Much of the imagery, in fact, has to do with lowness. Consider these words: "down," "bottom," "laid," "on the ground," "cold," "down" (again). And now comes the tarpaulin, rolled-- like a shroud-- over the ground, over the frost on the ground. The song itself is set at "night," as well, when the Sun and light are down.
The music echoes this lowness. Aside from the guitar, which is played low-- and Simon's hushed voice, which is in a low register-- the only other instrument that plays the whole song is Tony Levin's bass.
The pitcher is gone, the game is done. And for some reason, the whole season is lost. I do not think this is meant in the sense of the sport. As discussed above, an individual game can be replayed (as happens when a game is called off due to bad weather). A team continues even if one of its members dies mid-season. Even if that team suffers a psychological blow that does, in fact, end its own season, the season as a whole continues for the other dozen-plus teams in the sport.
Yes, the song might mean that this team's season is effectively over. But it might also mean that the sport as a whole suffers and mourns so much from the loss of one player that, whatever the season might have meant before, and whatever comes after, it's now "the season when that pitcher died during the game." It's former momentum and meaning have been eclipsed by the shadow of this one profound incident.
With the humans still not responding appropriately, nature cues them again by spreading a white funeral shroud on the field, in the form of "frost." Finally, the humans take the hint, and add a synthetic shroud, the tarpaulin, over the field.
Much could be made of the repeated "and" throughout the piece. The story is related in a series of staccato statements, like someone trying to piece together a sequential narrative out of a memory of impressions. There is very little 'poetry' in the work. This is reserved for the statements that follow "then," which breaks the sequence of "ands," which pick back up in the final verse. The main effect is someone recounting something he experienced but can't quite believe.

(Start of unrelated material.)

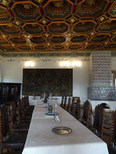Im Schloss Mir, das ebenfalls der Familie Razawilli gehört hat, muss ich mit einem Audioguide Vorlieb nehmen, der mir aber kaum etwas Neues erzählen kann. Das hat Vitali in Neswish schon alles ausführlich getan. Trotzdem ist auch die Anlage von Mir einen Besuch wert. Mir wirkt eher wie eine Festung als wie ein Schloss, auch wenn es im Innern einige prunkvolle Säle gibt. Die Wehrtürme sind deutlicher ausgeprägt und weniger grazil. Die Mauern sind dicker insgesamt passt hier der Begriff Festung etwas besser.

Simon is a baseball fan. He plays it in the video to "Schoolyard," and more famously, name-checked DiMaggio in one of his biggest hit songs. Yet this is his only piece entirely set in the world of that sport.
I am unaware of an incident like the one described happening in baseball in 1975. So perhaps some sudden loss in Simon's life could only be likened to a pitcher dying while trying to break a tie in the bottom of the 8th. It is certainly one of the saddest songs in Simon's entire repertoire.
Musical Note: The mournful harmonica bridge is played by Jean-Baptiste Frédéric Isidor, Baron Thielemans of Belgium, better known as "Toots." He is one of the greatest harmonica players alive, and has been for decades. His work has largely been in the jazz arena. While he doesn't play long here, you can hear a lot more of him on the Billy Joel hit "Leave a Tender Moment Alone."